§ DATA LISTING
↓
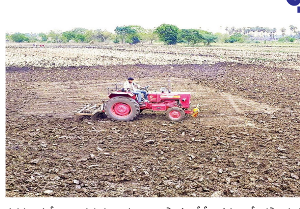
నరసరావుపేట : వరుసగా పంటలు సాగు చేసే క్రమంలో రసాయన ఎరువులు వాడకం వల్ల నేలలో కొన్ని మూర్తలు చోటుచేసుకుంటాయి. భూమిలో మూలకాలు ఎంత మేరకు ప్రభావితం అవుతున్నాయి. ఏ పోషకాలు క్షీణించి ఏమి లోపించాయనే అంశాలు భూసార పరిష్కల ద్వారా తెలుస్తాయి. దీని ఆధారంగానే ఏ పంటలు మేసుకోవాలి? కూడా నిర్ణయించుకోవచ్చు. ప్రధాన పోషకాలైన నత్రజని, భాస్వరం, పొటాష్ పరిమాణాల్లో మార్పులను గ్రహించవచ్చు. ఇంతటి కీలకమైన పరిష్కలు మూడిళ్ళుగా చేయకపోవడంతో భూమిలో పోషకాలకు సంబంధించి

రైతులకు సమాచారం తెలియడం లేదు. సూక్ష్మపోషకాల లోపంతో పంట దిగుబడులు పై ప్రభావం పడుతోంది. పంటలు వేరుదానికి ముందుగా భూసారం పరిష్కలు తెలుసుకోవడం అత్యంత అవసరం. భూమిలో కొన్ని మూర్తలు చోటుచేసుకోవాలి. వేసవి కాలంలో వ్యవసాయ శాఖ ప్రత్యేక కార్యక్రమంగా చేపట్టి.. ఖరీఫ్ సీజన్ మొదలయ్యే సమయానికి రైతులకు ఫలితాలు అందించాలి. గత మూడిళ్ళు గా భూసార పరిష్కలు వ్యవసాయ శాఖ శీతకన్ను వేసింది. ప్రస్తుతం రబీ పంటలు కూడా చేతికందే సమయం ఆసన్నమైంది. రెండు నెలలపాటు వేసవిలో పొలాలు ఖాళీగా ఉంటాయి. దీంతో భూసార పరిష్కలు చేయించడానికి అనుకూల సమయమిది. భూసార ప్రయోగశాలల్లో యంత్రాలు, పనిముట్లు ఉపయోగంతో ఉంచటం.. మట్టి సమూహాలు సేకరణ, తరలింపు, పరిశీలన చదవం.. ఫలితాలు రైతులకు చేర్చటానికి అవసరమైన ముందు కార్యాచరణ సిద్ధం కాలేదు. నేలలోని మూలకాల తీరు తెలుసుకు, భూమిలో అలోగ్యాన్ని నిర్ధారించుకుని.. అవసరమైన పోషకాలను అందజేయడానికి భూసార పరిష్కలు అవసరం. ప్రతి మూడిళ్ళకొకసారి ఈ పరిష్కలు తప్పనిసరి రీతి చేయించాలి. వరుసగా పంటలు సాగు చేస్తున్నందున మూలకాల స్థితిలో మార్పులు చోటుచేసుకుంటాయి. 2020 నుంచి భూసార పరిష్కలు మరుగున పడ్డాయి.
↑
↓
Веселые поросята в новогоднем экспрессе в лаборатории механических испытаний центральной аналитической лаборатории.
↑
§ EXERCISE REQUIREMENTS
Within the listing above, extract exactly the lines from the line with "నరసరావుపేట : వరుసగా" to the line with "రైతులకు సమాచారం తెలియడం", the two named lines included, and no others.

§ SOLVED PROBLEM
నరసరావుపేట : వరుసగా పంటలు సాగు చేసే క్రమంలో రసాయన ఎరువులు వాడకం వల్ల నేలలో కొన్ని మూర్తలు చోటుచేసుకుంటాయి. భూమిలో మూలకాలు ఎంత మేరకు ప్రభావితం అవుతున్నాయి. ఏ పోషకాలు క్షీణించి ఏమి లోపించాయనే అంశాలు భూసార పరిష్కల ద్వారా తెలుస్తాయి. దీని ఆధారంగానే ఏ పంటలు మేసుకోవాలి? కూడా నిర్ణయించుకోవచ్చు. ప్రధాన పోషకాలైన నత్రజని, భాస్వరం, పొటాష్ పరిమాణాల్లో మార్పులను గ్రహించవచ్చు. ఇంతటి కీలకమైన పరిష్కలు మూడిళ్ళుగా చేయకపోవడంతో భూమిలో పోషకాలకు సంబంధించి

రైతులకు సమాచారం తెలియడం లేదు. సూక్ష్మపోషకాల లోపంతో పంట దిగుబడులు పై ప్రభావం పడుతోంది. పంటలు వేరుదానికి ముందుగా భూసారం పరిష్కలు తెలుసుకోవడం అత్యంత అవసరం. భూమిలో కొన్ని మూర్తలు చోటుచేసుకోవాలి. వేసవి కాలంలో వ్యవసాయ శాఖ ప్రత్యేక కార్యక్రమంగా చేపట్టి.. ఖరీఫ్ సీజన్ మొదలయ్యే సమయానికి రైతులకు ఫలితాలు అందించాలి. గత మూడిళ్ళు గా భూసార పరిష్కలు వ్యవసాయ శాఖ శీతకన్ను వేసింది. ప్రస్తుతం రబీ పంటలు కూడా చేతికందే సమయం ఆసన్నమైంది. రెండు నెలలపాటు వేసవిలో పొలాలు ఖాళీగా ఉంటాయి. దీంతో భూసార పరిష్కలు చేయించడానికి అనుకూల సమయమిది. భూసార ప్రయోగశాలల్లో యంత్రాలు, పనిముట్లు ఉపయోగంతో ఉంచటం.. మట్టి సమూహాలు సేకరణ, తరలింపు, పరిశీలన చదవం.. ఫలితాలు రైతులకు చేర్చటానికి అవసరమైన ముందు కార్యాచరణ సిద్ధం కాలేదు. నేలలోని మూలకాల తీరు తెలుసుకు, భూమిలో అలోగ్యాన్ని నిర్ధారించుకుని.. అవసరమైన పోషకాలను అందజేయడానికి భూసార పరిష్కలు అవసరం. ప్రతి మూడిళ్ళకొకసారి ఈ పరిష్కలు తప్పనిసరి రీతి చేయించాలి. వరుసగా పంటలు సాగు చేస్తున్నందున మూలకాల స్థితిలో మార్పులు చోటుచేసుకుంటాయి. 2020 నుంచి భూసార పరిష్కలు మరుగున పడ్డాయి.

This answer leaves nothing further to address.